Directed by Michael Winterbottom
Written by Laurence Coriat
With Shirley Henderson, Ian Hart, Kika Markham, Gina McKee, Molly Parker, John Simm and Jack Shepherd
Distributed by USA Films
***1/2
Cross-cutting between six members of an extended family, WONDERLAND takes place over a 4-day November holiday weekend. Debbie (Henderson) is a hairdresser and single mother suffering from a troubled relationship with her ex-boyfriend (Ian Hart). Cafe waitress Nadia (McKee) is the loneliest of the three, while the pregnant Molly (Parker), who seems to be the most settled, doesn't realize that her own security is resting on the fault line of her boyfriend's mood swings. Their parents are no happier: well into middle age, the couple has grown to hate each other. The father (Shepherd) seems attracted to a neighbor, while the mother (Markham) is a perpetual anxiety attack waiting to happen.
Coriat's screenplay is assembled so well that its many contrivances only become apparent in retrospect. Initially, it appears to jump randomly between characters. Not until late Saturday night do the connections between individual stories become clear. Plenty of weaker films, such as Jeremy Podeswa's THE FIVE SENSES (now playing alongside WONDERLAND at New York arthouses), have piled on coincidences and chance encounters in a vain attempt to add Significance to a collection of already pretentious fragments. In this regard, Egoyan and Kieslowksi have turned out to be dangerous role models. WONDERLAND could easily have fallen into the same trap, but its impressive mise-en-scéne is inseparable from its content.
Blurring the line between finding the drama in everyday life and the everyday life in drama, Winterbottom adopts a "realistic" style for a story full of melodramatic events like a woman running into her boyfriend, who apparently abandoned her the night before, by chance in a hospital corridor, and a pair of feuding parents finally being forced to confront each other when their son is mugged. He understands that there's no inherent contradiction between melodrama and neo-realism. (Just look at Rossellini's ROME, OPEN CITY.) A strictly naturalistic approach wouldn't allow for the beautiful music/image counterpoints Winterbottom creates, while a soap-opera version couldn't possibly capture the abrasive textures of urban life so well. Its major departure from Dogma lies with its deployment of Michael Nyman's serene orchestral score, often used as a distancing device, as well as a louder-than-natural mix of street noises and music. As with MAGNOLIA, the sound design is remarkably bombastic, yet it contributes as much to the illusion of reality as the roundly convincing ensemble cast.
One of the most impressive "movies" I've seen this year is Douglas Aitken's ELECTRIC EARTH, an 8-screen, 4-room video installation (at the Whitney Biennial last spring) depicting an African-American dancer walking through deserted night-time city streets. A truly interactive work that allows the spectator to adjust his or her own movements to its rhythms, it made me feel like I had walked into a Léos Carax cityscape. Obviously, WONDERLAND can't quite produce the same effect, but it nevertheless creates an indelible movie-city.
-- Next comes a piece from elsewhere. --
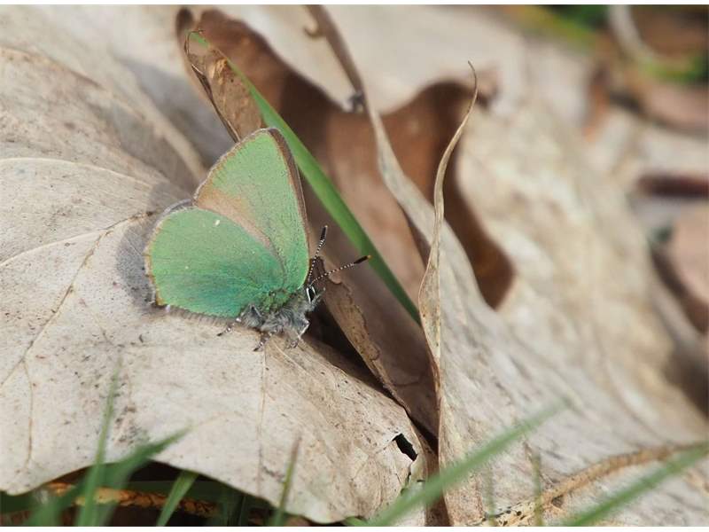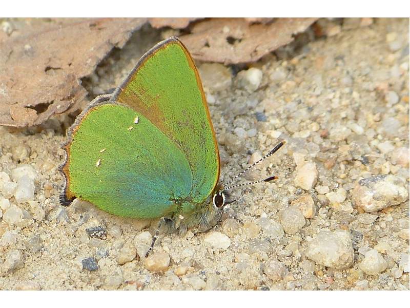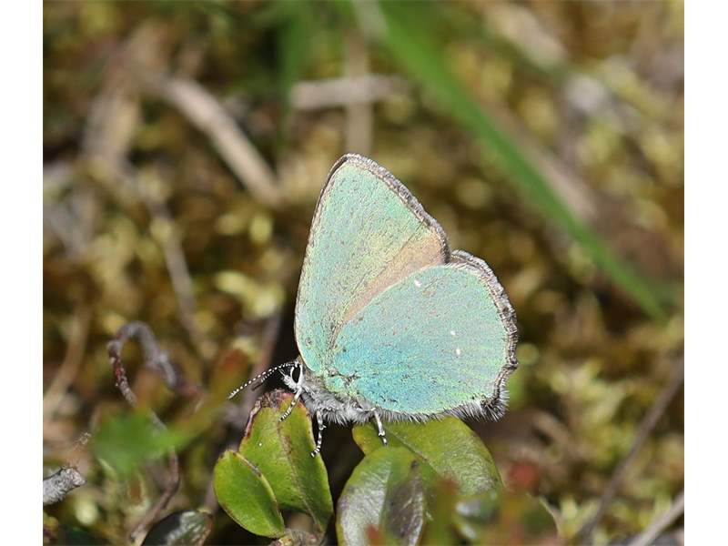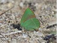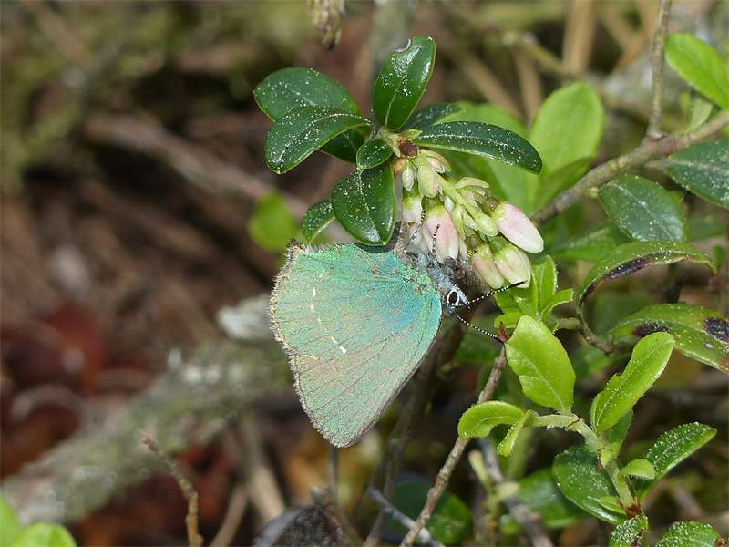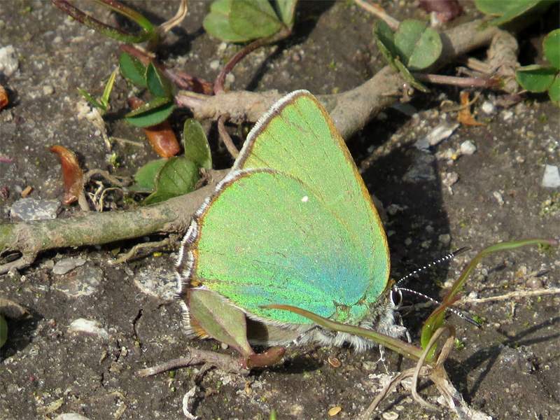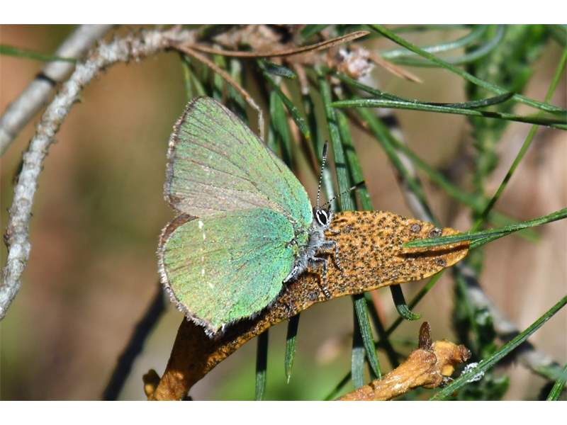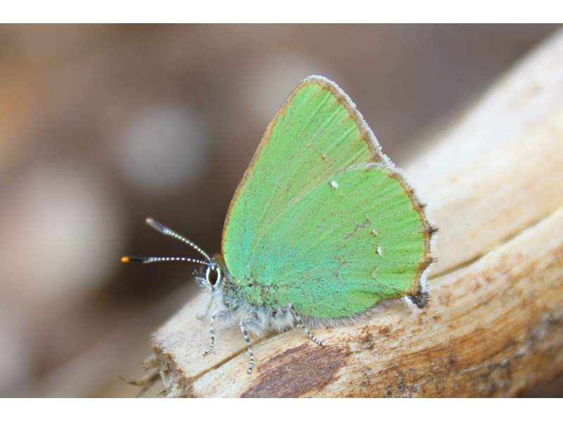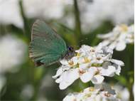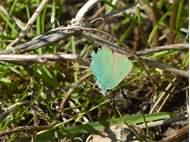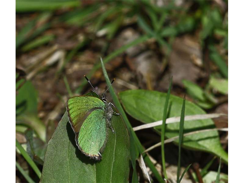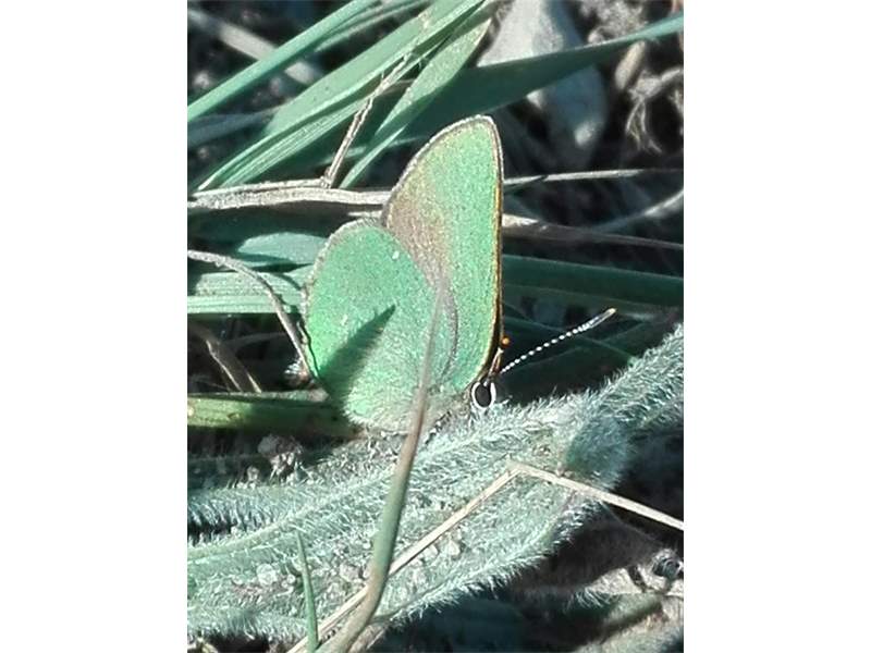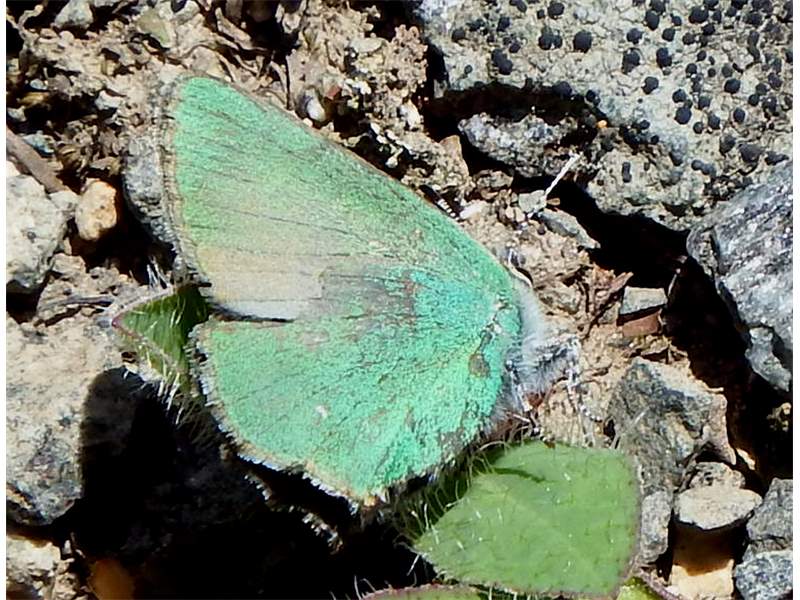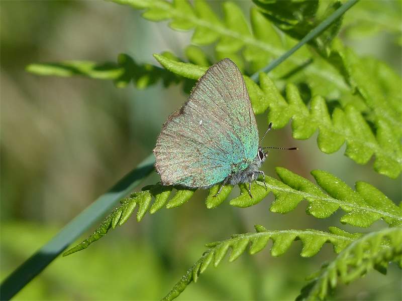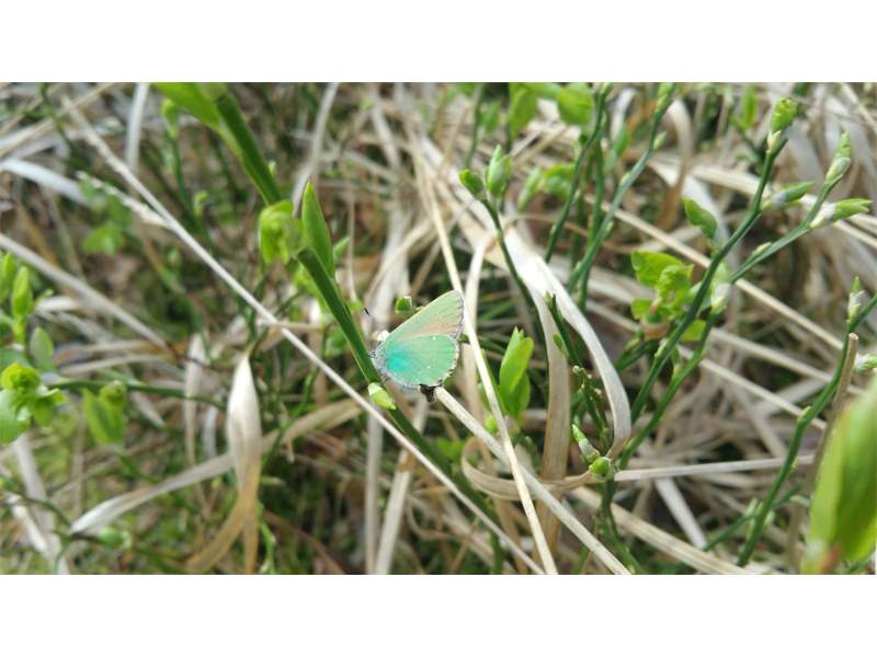 Grüner Zipfelfalter, im NSG Presseler Heide,- Wald,- und Moorgebiet, ca. 3 km nördl. von Wöllnau, am 17.05.2020 (© R. Papenfuß)( Bild vergrößern)

Laid out on paper, its ideas may not be profound - "the sustaining headrush and soothing white noise of metropolitan commotion is but a tiny perspective shift away from the dull, bewildering ache of psychic solitude heightened by relentlessly anonymous bustle," in Dennis Lim's words - yet when expressed in images and sounds, they ring true. While Winterbottom has retained almost nothing of British social realism's political agenda, he also avoids the miserabilism of equally depoliticized British films like NIL BY MOUTH and RATCATCHER, instead fashioning a moving, compassionate picture of how life in big cities in the West felt at the end of the twentieth century.